En dehors de la compilation et surtout de l'approfondissement des connaissances héritées des grecs, la médecine romaine contribue en outre à deux innovations majeures:

d'une part, le développement d'une hygiène publique et la mise en place de mesures de salubrité

collectives (système d'alimentation en eau par viaduc, fontaines publiques, évacuation des eaux usées en dehors des cités) et

 d'autre part, le début de soins de santé organisés : des veuves, des matrones et des femmes célibataires de la bonne société ont commencé à assurer des soins aux malades. Ces activités,

DPS – 2013-2014 - Pr. MAIRIAUX - 35 précurseurs de l'activité d'infirmière, ont été favorisées par l’implantation progressive du christianisme qui les considérait comme un acte de charité et de dévotion envers son prochain. Pratiques médicales

 Contrairement à ce qui prévalait en Grèce, la fonction de médecin était peu valorisée voire méprisée. Il était même jugé dégradant pour un citoyen romain d’exercer ce métier. Aussi les Romains faisaient-ils appel à des esclaves grecs ou à des citoyens venant d’Asie mineure ou de Grèce.

Pour préserver, voire restaurer la santé, la médecine galénique fait appel à quatre sortes de

facteurs :

- Ta prospheromeina : l’ensemble des choses que l’on ingère (aliments, remèdes) ; - Ta leipomena : les évacuations (sueur, excréments, crachats, urine) ;

- Ta exôthen prospiptonta : ces « choses qui proviennent du dehors », soit, l’eau, l’air, la mer, l’huile, etc.;

- Ta poioumena : gymnastique, veille, sommeil, toilette, et activité sexuelle. Cette classification inaugurée sous Galien fera autorité jusqu’au 18e siècle.

 Selon ce que nous a rapporté Celse, les médecins romains préconisaient deux types d'approches thérapeutiques :

La première consistait à vider le corps des substances nocives qui s'y sont accumulées. Il

était d'usage alors, de recourir à la saignée (très largement pratiquée pour combattre la

pléthore), aux ventouses (réservées spécifiquement aux affections locales) ou aux purges

(souvent par vomissement, pour combattre la putridité des humeurs). L'usage de sangsues,

quoique courant, n'accompagnait pas toujours la saignée.
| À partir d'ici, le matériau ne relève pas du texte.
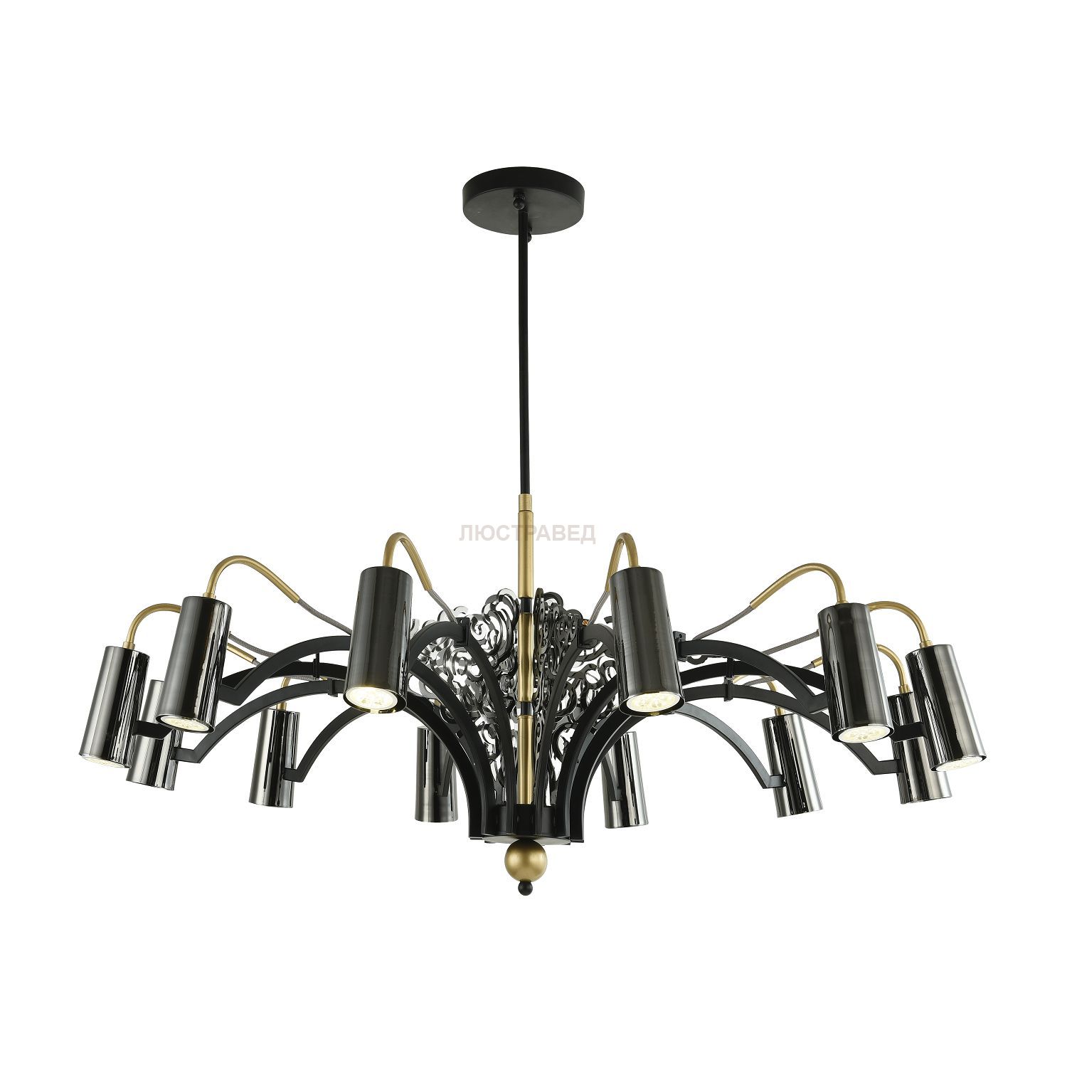 сочетание металла цвета черного хрома и окрашенного золота, центральная трубка состоит из нескольких частей, что позволяет регулировать высоту люстры

La seconde reposait sur la prescription de remèdes destinés à pallier une carence. Recettes

de tisanes, lotions, emplâtres ou cataplasmes étaient alors appliquées.

Et Celse de préciser: "Tout agent thérapeutique, a pour effet de retrancher ou d'ajouter, d'attirer ou de repousser, de réchauffer ou de refroidir, de durcir ou de ramollir"(De Re medicina, II).

Sur le plan chirurgical, des trousses chirurgicales intactes, retrouvées notamment au cours des

fouilles archéologiques de Pompéi, font état de l'usage d'instruments de petite chirurgie, d'ophtalmologie et de dentisterie, tels que des pinces, des sondes ou des scalpels d'une précision étonnante.

Mais les pratiques chirurgicales sont restées, à l'époque romaine, sommaires et souvent cantonnées aux cas d'urgences: réduction de fractures, amputations, extraction de flèches et trépanations.